A child who was allegedly raped by his father and forced to "have sex" with his mother told a social worker that the allegations "weren't real", a trial has heard.
However, the now 12-year-old boy told the trial today that the abuse did happen and he said it didn't because he didn't want to come to court.
On Tuesday the boy alleged his father had raped him, sexually abused him with a hot poker and forced him to have sex with his mother in their Waterford home. The man is also alleged to have held a gun to the child's head.
His parents face a total of 82 charges of abuse between 2007 and 2011 in Waterford. The father and mother have pleaded not guilty at the Central Criminal Court to 16 counts each of sexual exploitation and one charge each of child cruelty. The mother has also denied 16 counts of sexual assault while the father denies 16 counts of anal rape and 16 counts of sexual assault with a poker.

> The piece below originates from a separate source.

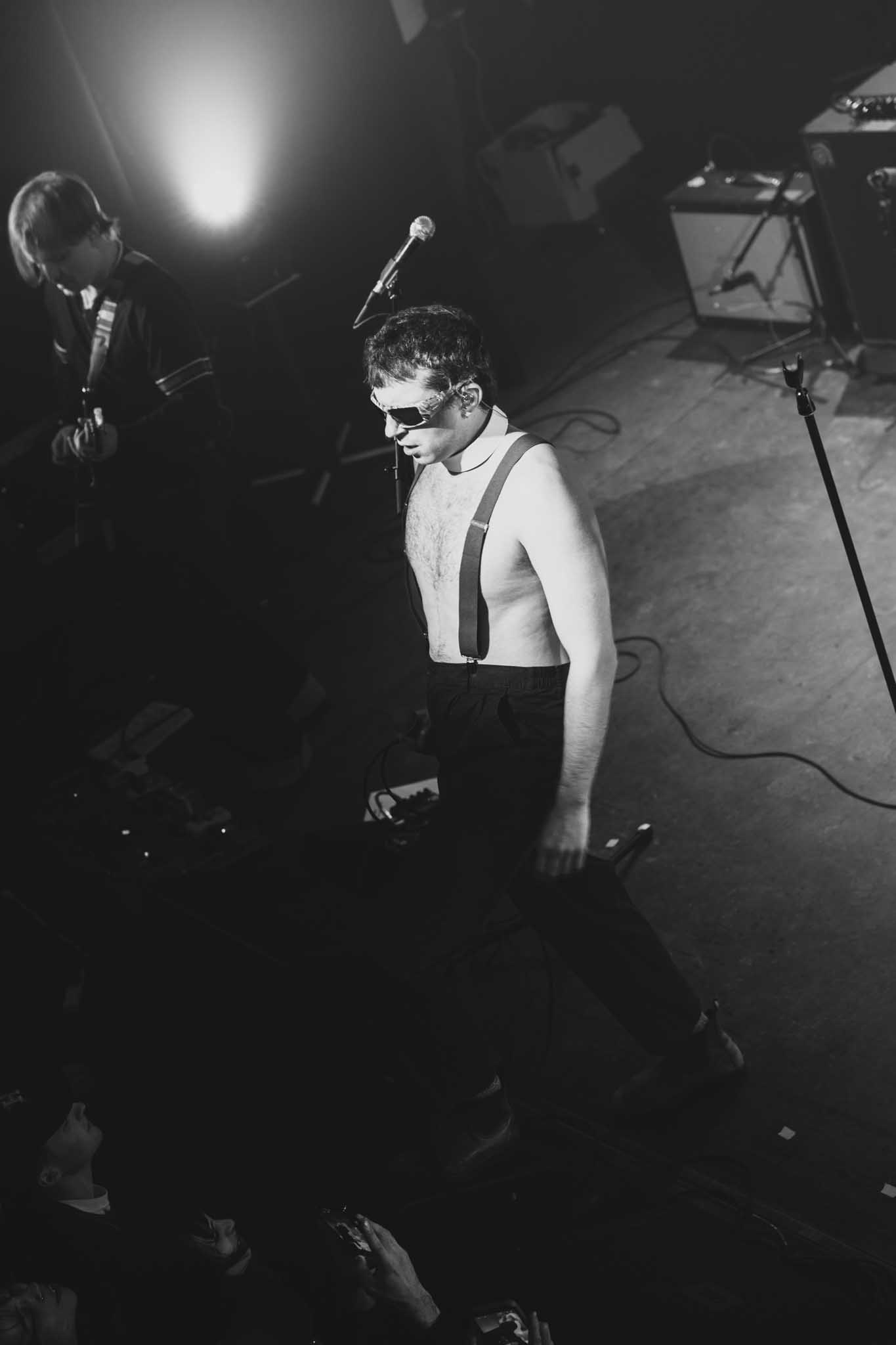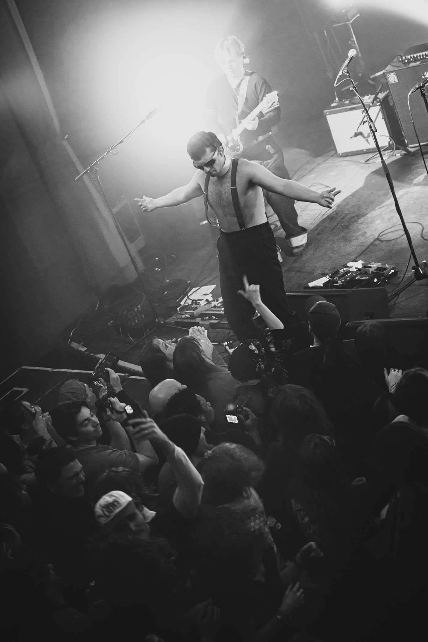 Shame est reconnu pour ses prestations dynamiques et leur prestation hier soir n’a pas fait mentir la rumeur. Le quintette anglais était en grande forme. C’est particulièrement vrai pour le chanteur Charlie Steen et le bassiste Josh Finerty qui en mènent large au centre de la scène. Dès Axis of Evil, qui a ouvert le concert, Steen invitait la foule à être partie intégrante du concert. Et elle l’a été! Body surfing, stage diving, flash de seins, mosh pit, tous les classiques du rock étaient au rendez-vous au Club Soda.

Today the boy told Pauline Walley SC, prosecuting, it was difficult to remember the details of the abuse "because it happened quite a while ago and because you kind of want to box it all out and throw it away."
The child said he believed he was about eight years old when he was forced by his father to have sex with his mother, that it would happen once a week and it would last between 45 minutes and an hour.
He said his father would sometimes watch football on television in the same room while it happened before telling the boy "right, done, off to bed."
The boy was taken into care when he was eight and was placed with foster families. He is giving evidence via video-link from the UK where he is currently in residential care. He said he didn't want to say where exactly he was "for privacy reasons."
He agreed with Ms Walley that he had a conversation with his social worker last year when he talked about his worries that his father would find out where he was. The social worker assured him this would not happen. He said he then told the social worker the abuse did not happen
"I said it wasn't real, just to be able to get out of it so I didn't have to do it, but it is real," he said. Asked what "it" was, he replied "this court case."
He said he later spoke with a garda and they also discussed his worries about his father finding him. He said he told the garda that "it was real."
The trial continues with the boy's evidence tomorrow before Mr Justice Robert Eagar and a jury.